Isabel tells me that she's seeing a lot of Facebook friends copying and pasting the following:
I think it's missing something...
On further reflection: has anyone ever actually died because they couldn't afford health care?
I've never heard of a lack of affluence as being listed as an actual cause of death.
It makes me quite nervous, actually, that I might suddenly keel over dead simply because my liquid assets dip below a particular level.
The last time I checked, people die from either violence or disease -- not from financial insecurity.
Medical care might prevent disease from killing a person, but it does not logically follow that the lack of medical care therefore causes the person's death.
Likewise, I've never heard of a sickness that directly causes a person to go broke. Is there some new strain of H1N1 that disintegrates money? People go broke because they purchase treatments that they cannot afford.
It seems to me that the best solution here is to find more effective, more affordable treatments for disease. The best way to do that is to encourage researchers to compete for the discovery of those cures. The best way to encourage efficient competition is to bait them with free-market enterprise rewards.

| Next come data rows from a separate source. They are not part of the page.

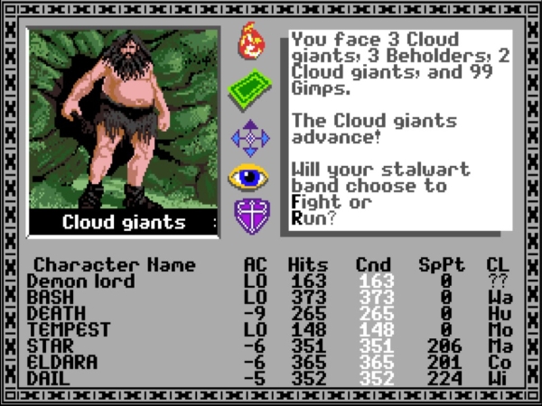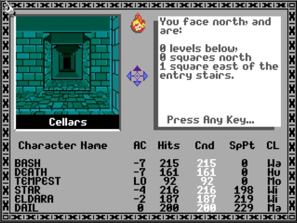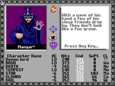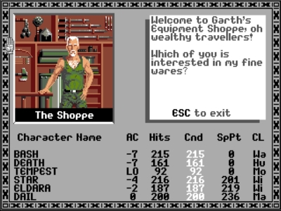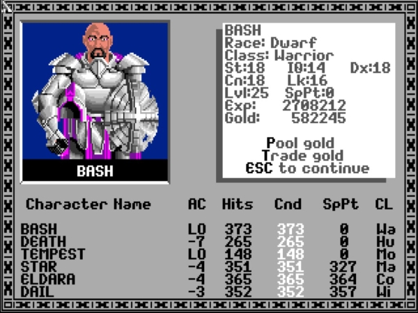 Character creation 101. What surprises me most is that the process of creating a new character has not really changed in 20 years. You have more options now, but anyone familiar with a modern RPG will feel right at home. A closer look will show that they inherited the D&D armour class system of negative numbers, but added a bad idea of just showing "LO" if it was less then -9 for some reason. You can also see that these are screen shots of charaters at the end of the game where you have 100's of hitpoints.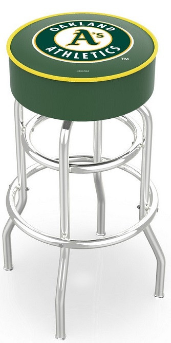 Made for the ultimate MLB sports fan, you will be proud to show where your loyalty lies with this impressive Officially Licensed Major League Baseball stool from the Holland Bar Stool Co. This L7C1 double ring swivel stool has a style that brings you back in time. A state of the art print process is used in applying specially formulated UV vinyl ink in numerous stages to produce a sharp, crisp, clear image to ensure a perfect reproduction of the logo. You won't find a higher quality logo stool on the market. The frame is made from commercial grade steel that is strong, durable, and triple chrome-plated to guarantee a long-lasting, rich finish capable of withstanding the abuse of your rowdiest of friends for years to come. The cushion seats are of the highest quality as well, utilizing a breathable, commercial grade vinyl. At the heart of the cushion is highly-dense, US made foam that provides maximum support and will not breakdown in a couple years. If you're going to finish your bar, game room, or man cave do it right- with a logo stool made in the USA by the Holland Bar Stool Co.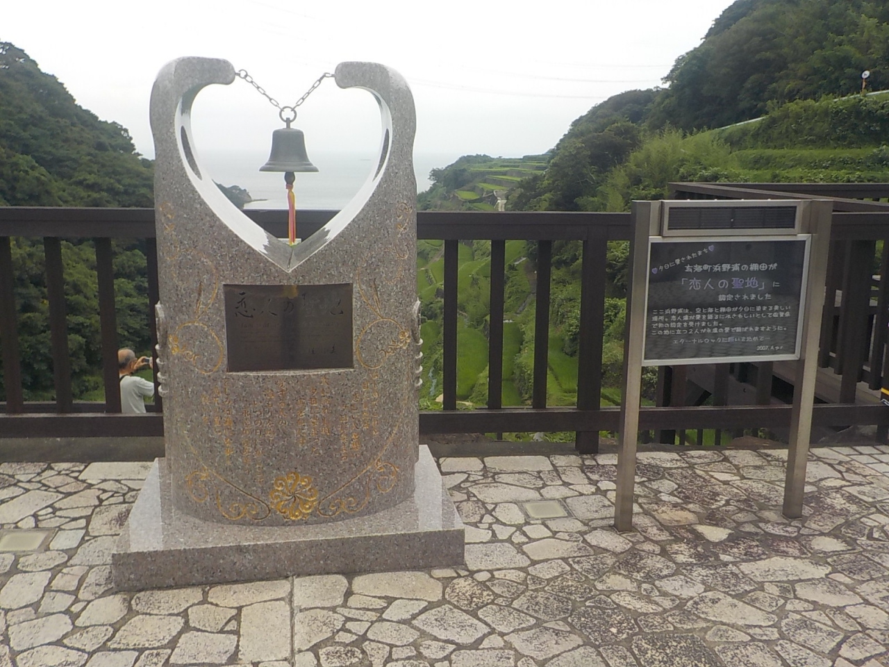 国道204号線を南下し玄海町に入ると右手の脇道に入った所にあります。急傾斜地に見事に整備されて棚田があります。展望台があるのでそこから見ると、玄海灘と棚田が同時に楽しめます。この展望台の奥には「恋人の聖地」と呼ばれる一角があり屋根まで設けられています。金属網がありそこには永遠の愛を誓う恋人たちが南京錠を取り付けています。そばには恋人の聖地と書かれたモニュメントもありますので記念撮影によいと思います。

The government should not be in the business of trying to prevent people from dying natural deaths. That is an absurdly impossible task. The government's job is also not to prevent people from going broke. The government's job is to protect our property and our rights from foreign invaders and domestic criminals.
I agree that a lack of financial success greatly cripples one's ability to compete for medical resources, and that is a source of sadness. But we can find ways to improve people's finances and reduce the cost of healthcare without giving the government more power. We can benefit from health care reforms, but the particular reforms being sold to us right now seem to come with greater hidden costs than promised benefits.

You seem to have left out one important piece of the puzzle: that a just man, seeing his neighbor in the grip of need and having the means to help, will succour him in his distress.
But how to coordinate this? One-on-one would seem not to be practicable in most situations. Some sort of community-level coordination or cooperation would seem to be in order.
But this would take a non-negligible amount of civic engagement: you would have to have some level of personal involvement with your Parish or St. Vincent de Paul Center or local pastor or other community association, or at least with people who know them.
Aside from the fact that lots of people work long hours, when they don't, I bet they'd rather spend that time poking each other on facebook, watching tv, or playing xbox games or something. Easier to let the politicians take care of it. Isn't that what we pay them to do?
Posted by: Akh Ari | September 06, 2009 at 09:35 PM
"Isn't that what we pay them to do?"
Oh, if only we were the ones paying them...we might give them some incentive to actually do their jobs. As it is, they pretty much just take our money and pay themselves with it, no?